> The problem
Your output should be the records below, word for word and picture-free.

Records drawn from a dataset:

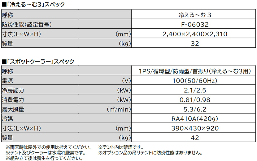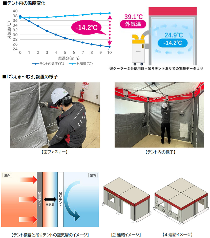 こうした課題を解決するために開発されたのが「冷える~む3」です。1テントにつきスポットクーラー2台を配置し、スポットクーラーから出る冷気で室内を冷やし、その冷気をスポットクーラーが吸い込んでさらに冷やす循環式を採用しました。さらに、テントの横幕とオプションの吊りテントを併用し、テント間に「空気層」を生み出すことで、優れた断熱効果を発揮します。これらにより、外気温と比較して最大14℃冷却することを実現しました。また、2人の作業員で約6分という短時間で組み立てができ、工程により日々変わる作業場所に合わせて移設が可能です。テント面は面ファスナー(布製の留め具)を採用し、2台連結や4台連結など、テント同士の連結が自在に行えます。さらに、屋根をフラット設計にしたことで、天井の高さに制約のある建築現場での設置も可能にしました。
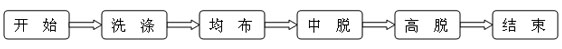 首先,加水,正反转洗涤25分钟,洗涤完毕后,排水,进入脱水阶段,脱水阶段包括均布、中脱和高脱三个过程,均布即是在有水和无水的情况下,以比洗涤过程高的转速正向旋转1.5分钟,使衣物均匀地附着在洗衣机的滚筒内侧,以使后续的脱水过程平稳;排水后,提高转速进入中速脱水过程(2分钟),随后再进入高速脱水过程(5分钟),使衣物的含水率降至所要求的水平。
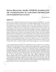 Kumar, Surendra (2020) ‘Social distancing’ before COVID-19: Interrogating the universalization of caste-based discrimination and its horizontality in race. [Preprint]
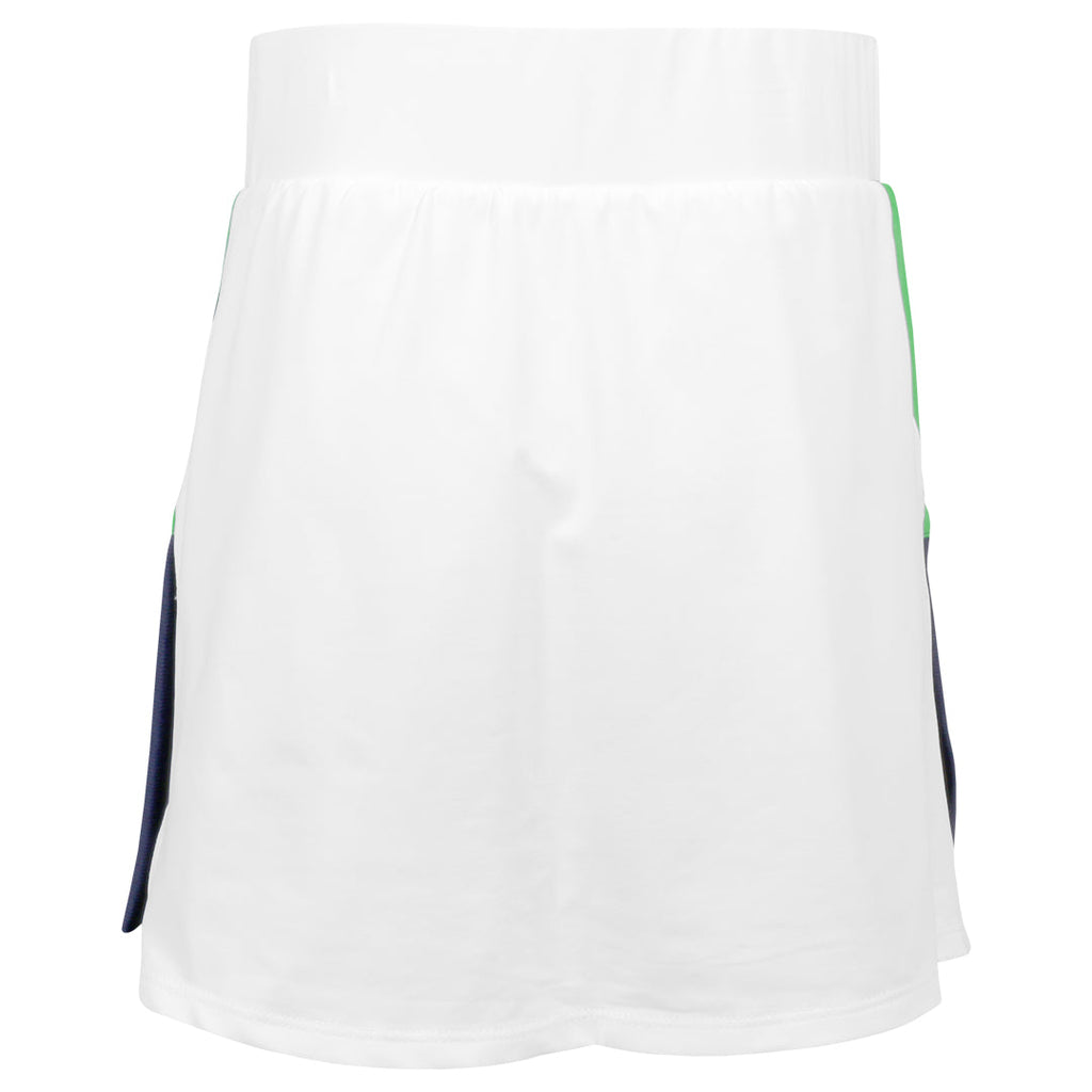 Fun and athletic skort for girls. Simple and sporty with a fresh twist, the Green Spirit Girls’ Tennis Skort is perfect for young athletes who love to move. Designed in crisp White with cool Zen Green and Navy side accents, this skort brings energy and fun to every swing. The comfy flat waistband stays in place, while the slightly flared shape gives her room to move and play with ease. Built-in white shorties provide extra coverage and comfort, whether she’s practicing serves or playing a match. Made with Sofibella’s Sofi-Premier performance fabric, this skort also offers 50+ UPF sun protection, four-way stretch, moisture-wicking, quick-dry technology, and resistance to pilling—keeping her cool, confident, and ready for anything on or off the court.
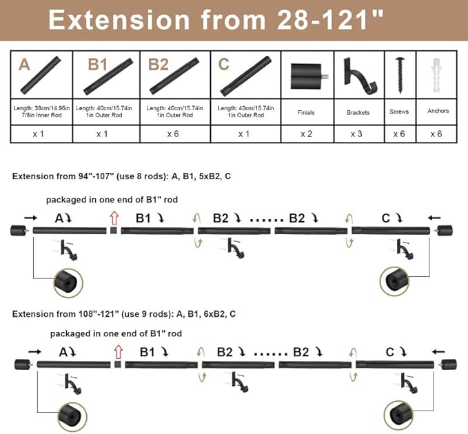 - PACKAGE INCLUDES: Our curtain rod 28-121" packed with 1 Inner rod (7/8" diameter, length: 38cm/14.96in), 8 Outer rods (1" diameter, length of each rod: 40cm/15.74in), 2 cap ends, 3 brackets, 1 set of screws & anchors and instructions. The splicing design allows the curtain to be pulled more smoothly without any fight. You can easily install curtain rod in just a few steps.
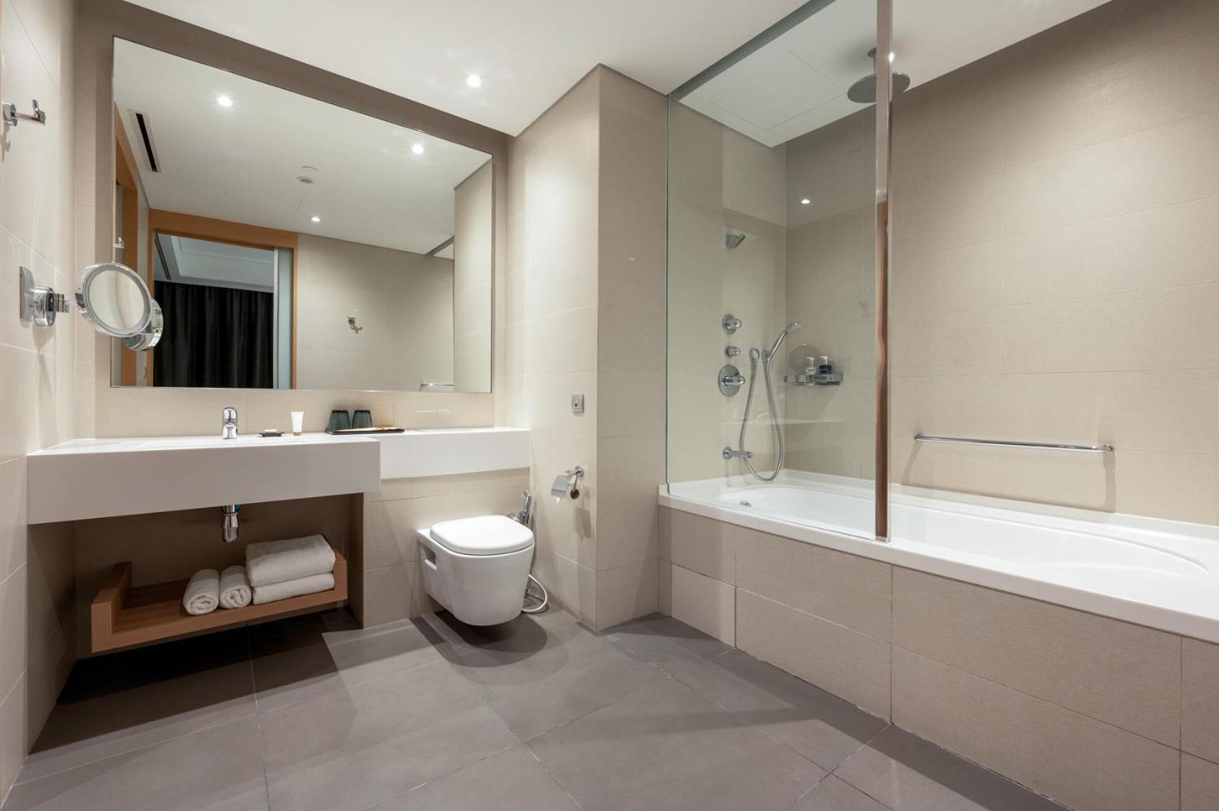 Guests can unwind at the outdoor swimming pool or stay active at the 24-hour gym. The steam and sauna facilities offer a tranquil retreat, while the 24-hour launderette and laundry services cater to all needs. The multilingual staff adds a personalized touch to your experience.
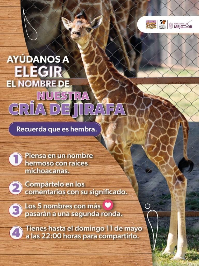 El Zoológico de Morelia ha lanzado la convocatoria para participar en la dinámica para nombrar a la jirafa hembra que nació el pasado 25 de marzo.
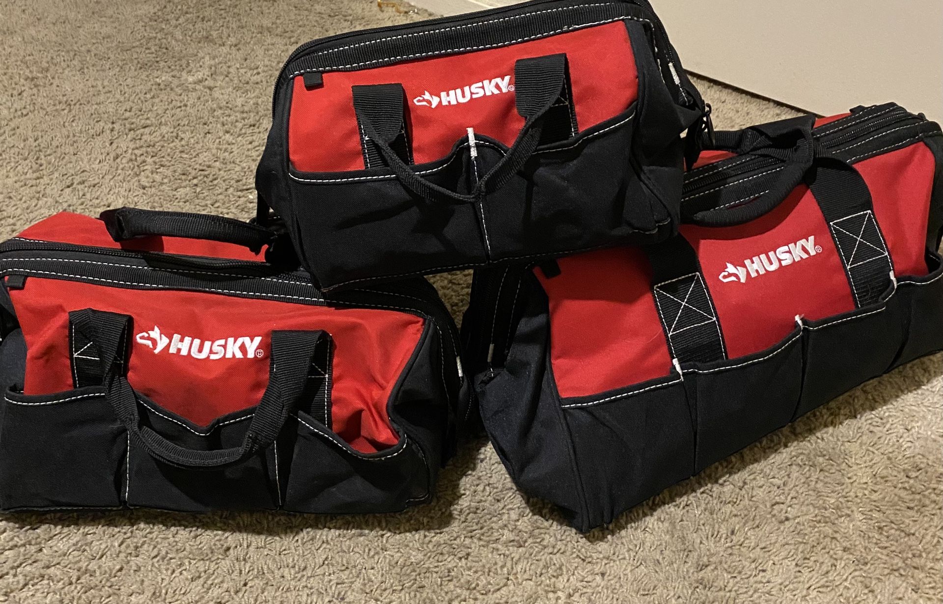 Husky 12 in tool bag 2 pockets Husky 15 in 5 pockets Husky 22 in 7 pockets Used only once 62$ MSRP

> Solution for this task
 こうした課題を解決するために開発されたのが「冷える~む3」です。1テントにつきスポットクーラー2台を配置し、スポットクーラーから出る冷気で室内を冷やし、その冷気をスポットクーラーが吸い込んでさらに冷やす循環式を採用しました。さらに、テントの横幕とオプションの吊りテントを併用し、テント間に「空気層」を生み出すことで、優れた断熱効果を発揮します。これらにより、外気温と比較して最大14℃冷却することを実現しました。また、2人の作業員で約6分という短時間で組み立てができ、工程により日々変わる作業場所に合わせて移設が可能です。テント面は面ファスナー(布製の留め具)を採用し、2台連結や4台連結など、テント同士の連結が自在に行えます。さらに、屋根をフラット設計にしたことで、天井の高さに制約のある建築現場での設置も可能にしました。
 首先,加水,正反转洗涤25分钟,洗涤完毕后,排水,进入脱水阶段,脱水阶段包括均布、中脱和高脱三个过程,均布即是在有水和无水的情况下,以比洗涤过程高的转速正向旋转1.5分钟,使衣物均匀地附着在洗衣机的滚筒内侧,以使后续的脱水过程平稳;排水后,提高转速进入中速脱水过程(2分钟),随后再进入高速脱水过程(5分钟),使衣物的含水率降至所要求的水平。
 Kumar, Surendra (2020) ‘Social distancing’ before COVID-19: Interrogating the universalization of caste-based discrimination and its horizontality in race. [Preprint]
 Fun and athletic skort for girls. Simple and sporty with a fresh twist, the Green Spirit Girls’ Tennis Skort is perfect for young athletes who love to move. Designed in crisp White with cool Zen Green and Navy side accents, this skort brings energy and fun to every swing. The comfy flat waistband stays in place, while the slightly flared shape gives her room to move and play with ease. Built-in white shorties provide extra coverage and comfort, whether she’s practicing serves or playing a match. Made with Sofibella’s Sofi-Premier performance fabric, this skort also offers 50+ UPF sun protection, four-way stretch, moisture-wicking, quick-dry technology, and resistance to pilling—keeping her cool, confident, and ready for anything on or off the court.
 - PACKAGE INCLUDES: Our curtain rod 28-121" packed with 1 Inner rod (7/8" diameter, length: 38cm/14.96in), 8 Outer rods (1" diameter, length of each rod: 40cm/15.74in), 2 cap ends, 3 brackets, 1 set of screws & anchors and instructions. The splicing design allows the curtain to be pulled more smoothly without any fight. You can easily install curtain rod in just a few steps.
 Guests can unwind at the outdoor swimming pool or stay active at the 24-hour gym. The steam and sauna facilities offer a tranquil retreat, while the 24-hour launderette and laundry services cater to all needs. The multilingual staff adds a personalized touch to your experience.
 El Zoológico de Morelia ha lanzado la convocatoria para participar en la dinámica para nombrar a la jirafa hembra que nació el pasado 25 de marzo.
 Husky 12 in tool bag 2 pockets Husky 15 in 5 pockets Husky 22 in 7 pockets Used only once 62$ MSRP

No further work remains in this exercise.